You have the right to change your document at any time. Simply complete a new document and destroy the old. Make sure you replace all the old versions with the new one and that your loved ones, health care surrogate, clergy and doctor(s) have a copy of the new version. Health care providers will always honor the most recent dated document.
These forms make it easier for your health care team to give you the type of care that you want. Knowing your choices in advance is also a gift to your loved ones.
No, an advance directive like a designation of health care surrogate form or living will and a DNRO order are not the same item. An advance directive is a form that details a person’s choices for health care and treatment, should he or she become unable to talk with doctors or make health care decisions, due to being sick or hurt.
A DNRO is a form jointly created by a doctor and a person that shows he or she has decided not to have cardiopulmonary resuscitation (CPR) in the event his or her heart or breathing stops. This form is considered a doctor’s order as part of medical treatment plan, and must have a doctor’s signature and the signature of the patient or the patient’s healthcare surrogate or proxy. While an advance directive can be updated by a person independent of a doctor, a DRNO cannot; it must be created with and contain a doctor’s signature.

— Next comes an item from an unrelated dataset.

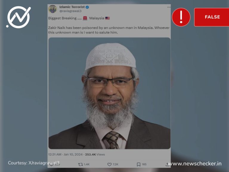 सोशल मीडिया पर यूजर्स यह दावा करने लगे कि विवादित इस्लामिक उपदेशक जाकिर नाइक को एक अज्ञात व्यक्ति ने जहर दे दिया है। हमारी जांच में यह दावा फर्जी साबित हुआ। फैक्ट चेक यहां पढ़ें।
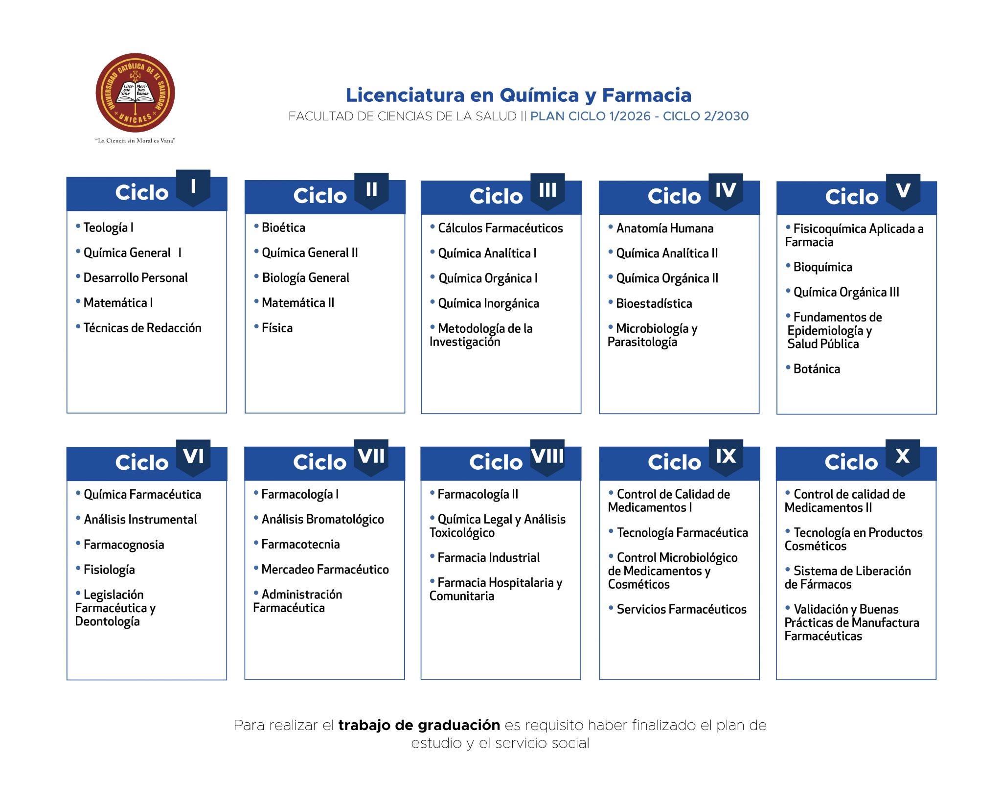 7. Cursar y aprobar 10 niveles de inglés en esta Universidad o aprobar un examen de suficiencia cuyo resultado indique que el estudiante posee conocimientos equivalentes a los mismos. Si el estudiante obtuviera un equivalente en niveles inferiores, deberá cursar los que le hicieran falta para completar el número antes indicado. La inscripción en estos niveles se puede realizar cuando el estudiante lo considere conveniente y se aprueba cada nivel con un promedio final mínimo de 7.0 (siete punto cero). Se recomienda Universidad Católica de El Salvador Facultad de Ciencias de la Salud Licenciatura en Química y Farmacia (Ciclo 01- 2026 al 02- 2030) Modalidad Presencial al estudiante cumplir con este requisito antes de obtener la calidad de egresado.

For many individuals, it is important to follow the teachings of their faith tradition when making end of life decisions. It is best to consult with a trusted clergy person or spiritual leader for a clear understanding of what beliefs a particular religion might hold. Some religious denominations (e.g. Roman Catholic) have forms available that incorporate the teachings of that faith with regard to end-of-life care. Check with a representative of your denomination about this option, if preferred.
A power of attorney (POA) is not the same as an advance directive. The POA typically does NOT give any authority to the designee to make health care decisions. A POA delegates a person to act for specific reasons such as financial transactions or other legal matters.
A Durable Power of Attorney (DPOA), similar to a POA, gives authority for legal and/or financial decisions but a DPOA may include health care decision making authority depending on how the document is drafted. A DPOA stays in effect if the person becomes incapacitated.
These documents should be read carefully.